I am the kind of person who believes in kindness and compliments and truly making the world a better place, not only for myself, but for those people around me as well. In a world filled with criticism and judgement and rudeness, I feel compelled to spread something positive. I’ve noticed quite a bit of underlying tones and messages through social media. I guess maybe people are too cowardly to say things personally to someone so they will direct something at someone to get their attention. The unfortunate part is that usually the message isn’t one of kindness. Every time I check Facebook I see another shared post of how annoying positive quotes are. I say this. People can share whatever they want. Ask yourself this. Do you want to spread your sarcasm and insults or do you want to share something uplifting or challenging for people to examine their lives? It’s your choice. I’ve also realized this. There is a small word you can push that will eliminate any aggravation someone causes you. That little word is unfollow. I am starting to use it more and more. For me, it is necessary and healthy to remove myself from sarcastic, negative people. I don’t need that in my life period. Any good that could come from sharing a relationship with a person like that is easily outweighed by the negativity surrounding the name.

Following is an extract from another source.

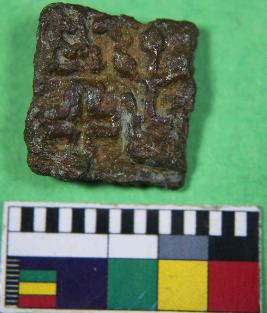 | Description / विवरण | A copper coin having square like shape with cross and tree like image inscribed on obverse side and reverse side animal like imgae inscribed. Its colour is brown and shiny with smooth surface. |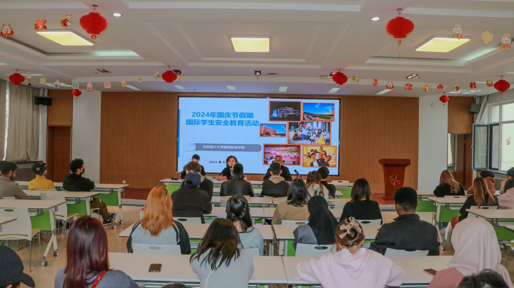 2024年9月29日下午,学院领导、国际学生辅导员集中召开国庆节安全教育活动,班主任积极组织安全主题班会,向学生们强调假期安全的重要性,并从请销假制度、用水用电安全、交通安全、出行安全、网络安全、预防电信诈骗、防溺水、行为规范、非法就业及惩处、公寓管理规范等方面开展了专题安全教育。学院直属党支部书记王春梅要求全体国际学生:一要提高安全意识、严格遵规守纪,确保自身及他人生命财产安全;二要严格请销假制度,做好规划,结伴而行,按时返回学校;三要合理利用好小长假,到兰州及周边走走看看,感受热烈喜庆的节日氛围。学院院长刘永平强调:一是合理安排学习与文娱时间,做到学习充电与娱乐放松两不误;二是提高有效沟通能力和疏通矛盾问题反馈渠道,遇到问题通过有效沟通合理化解,或向现场工作人员、学院值班教师寻求帮助,协力平稳有效化解矛盾;三是希望同学们深入中华大地,开拓眼界、增长见识,认识真实、立体、全面的中国。

My point is this. PUSH THE BUTTON, save yourself the aggravation on either side and move on surrounding yourself with people who make you feel good. Negativity and sarcasm bring people down. Some people find it funny but I do not. So off I go to adjust my friend list to bring me to a more positive place. Does this mean I don’t like the people I unfollow. Not at all. I just don’t like their bad attitude or sense of humor. Believe me there are several and I’m not here to tell you not to be you. I just expect the same from you.

Have you noticed this as well? How do you handle it?